If no presumption is raised or the presumption is rebutted, the employee must produce some evidence to support a causal connection between the reports made and the retaliatory conduct by the employer. Zimlich, 29 S.W.3d at 68. A factfinder may not infer causation without some evidence to support such a finding. Id. Circumstantial evidence may be sufficient to establish a causal connection. Id. at 69 (citing Continental Coffee Prods. Co. v. Cazarez, 937 S.W.2d 444, 450 (Tex.1996)). Such circumstantial evidence includes: 1) knowledge of the employee having reported a violation of law; 2) expression of a negative attitude toward the employee’s report of a violation of law; 3) failure to adhere to established company policies regarding employment decisions; 4) discriminatory treatment in comparison to similarly situated employees; and 5) evidence that the stated reason for the adverse employment action was false. Id. But, evidence that an adverse employment action was preceded by a superior’s negative attitude toward an employee’s reported violation of law is not enough, standing alone, to show a causal connection between the two events; there must be more. Id.
Presumption
It is uncontested by the parties that Johnson represented Elvis Babers in a grievance/appeal proceeding not more than 90 days prior to Johnson’s termination. We have already overruled the City’s argument that Johnson did not report a violation of law when he represented Babers. Thus, Johnson has the benefit of a presumption of a causal connection between his discharge and the City’s misconduct relating to Babers. Any other reports of violations made by Johnson were not within the 90 day period for application of the presumption.
Presumption Rebutted?
The City presented evidence through Bob Terrell, the city manager, that John*164son was terminated because he improperly allowed Stafford to have “special privileges;” ie. Johnson had the City tractor delivered and left at Stafford’s property so that Stafford could use it after hours and on weekends. Thus, the City presented sufficient evidence to rebut the presumption of a causal connection by Johnson’s termination within 90 days of representing Elvis Babers.
Proof
Once the presumption is rebutted, Johnson must produce evidence to prove a causal connection between the reported violation of law while representing Babers and his discharge by the City. Because there was no presumption of a causal connection between Johnson’s reported violation of law when he represented other employees and his discharge, Johnson must also produce evidence to prove the causal connection to those reported violations made while assisting them in the review process. Johnson need only prove a causal connection between one of the reported violations of law and his termination. We will first discuss generally the evidence in the record and then apply the law to that evidence.
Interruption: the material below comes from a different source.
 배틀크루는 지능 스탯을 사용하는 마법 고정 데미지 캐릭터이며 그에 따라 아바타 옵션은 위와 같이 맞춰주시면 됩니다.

In reviewing the record for evidence of this causal connection, we are limited to the evidence that Terrell, the person who ultimately made the decision to terminate Johnson, knew about the reported violations of law. The dissenting opinion takes issue with this narrow focus of our search of the record for evidence. The dissent fails to focus only on the knowledge of the person who made the decision to terminate Johnson and reasonable inferences that could be drawn from what that person knew about reported violations of “law” and not the person’s more general knowledge, if any, of Johnson’s position as an employee representative.
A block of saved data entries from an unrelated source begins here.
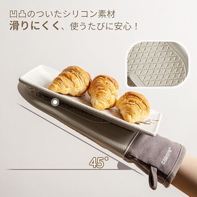 CAROTE カローテ 耐熱ミトン オーブンミトン 鍋つかみ 耐熱グローブ オーブングローブ300℃耐熱 やけど防止 滑り止め シリコン製 汚れが目立たず 耐久性 コンベクション 電子レンジ オーブンレンジ ケーキを焼く 鍋料理 ホームベーカリー オーブン料理 グリル グリラー バーベキュー グレージュ( 2枚セット)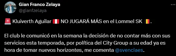 El periodista Gian Franco Zelaya pudo conversar con Sven Claes, quien le terminó contando la situación del peruano, que ya no seguiría en el Lommel SK. "El club le comunicó en la semana la decisión de no contar más con sus servicios esta temporada, por política del City Group a su edad ya es hora de tomar nuevos horizontes", fue lo que se conoció, así que ahora Aguilar tendrá que buscar un nuevo club lo más pronto posible con la temporada ya iniciada en varios países.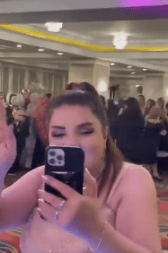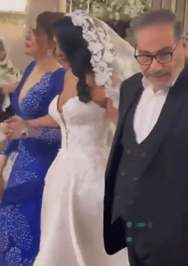 影片中,沙姆哈尼陪女儿走进婚礼大厅。新娘穿低胸露肩连身裙,露出乳沟,而沙姆哈尼的妻子也穿着同样暴露的晚礼服。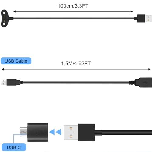仕様: 入力電圧:DC 5V 出力電圧:DC 5V 入力電流: 1A 出力電流:0.5A チップ保護電圧/電流:6V/0.2mA ケーブル長: 1 メートル/3.3 フィート ケーブル材質:PVC カラー:ブラック パッケージ内容: 充電ケーブル×2 1×USB延長コード 1 x USBメス - USB Cオスアダプター

In recounting the evidence, it is not that we accept or reject Terrell’s denial of knowledge of such violations. Rather, we simply discuss all the evidence of relevant knowledge that is in the record, as we are required to do, and explain in the “Application” section of this opinion why we have determined that it is factually insufficient to establish the causal connection. Knowledge
The first circumstantial evidence factor involves whether the City knew of Johnson’s report regarding Babers and other employees2 when it upheld Johnson’s termination. In particular, the employee must show that the person who ultimately made the decision to fire the employee knew of the reported violation of law made by the employee. When an employee appeals a decision to terminate, the city manager, Terrell, makes the final decision to follow or overturn the appeals board recommendation. If an employee had a hearing before the disciplinary appeals board, the board would send Terrell its recommendation. Terrell testified he would not know who would have been the employee’s representative at the hearing.
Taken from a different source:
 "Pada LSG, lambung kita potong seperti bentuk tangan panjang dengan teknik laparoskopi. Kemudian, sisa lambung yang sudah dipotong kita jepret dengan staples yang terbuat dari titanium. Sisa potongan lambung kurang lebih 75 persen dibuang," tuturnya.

Scott initially terminated Johnson’s employment, and Johnson appealed to the appeals board. The board recommended that Johnson be reinstated. Although neither the board nor Johnson requested any further investigation, Terrell asked Ramon Guajardo to conduct an investigation. Guajardo reviewed the appeals board recommendation and, in turn, recommended that Johnson’s employment should be terminated because Johnson delivered the tractor so that Stafford could use it on nights and weekends. Terrell followed *165Guajardo’s recommendation. Guajardo did not relay any information to Terrell that Johnson thought his termination was due to his representation of city employees.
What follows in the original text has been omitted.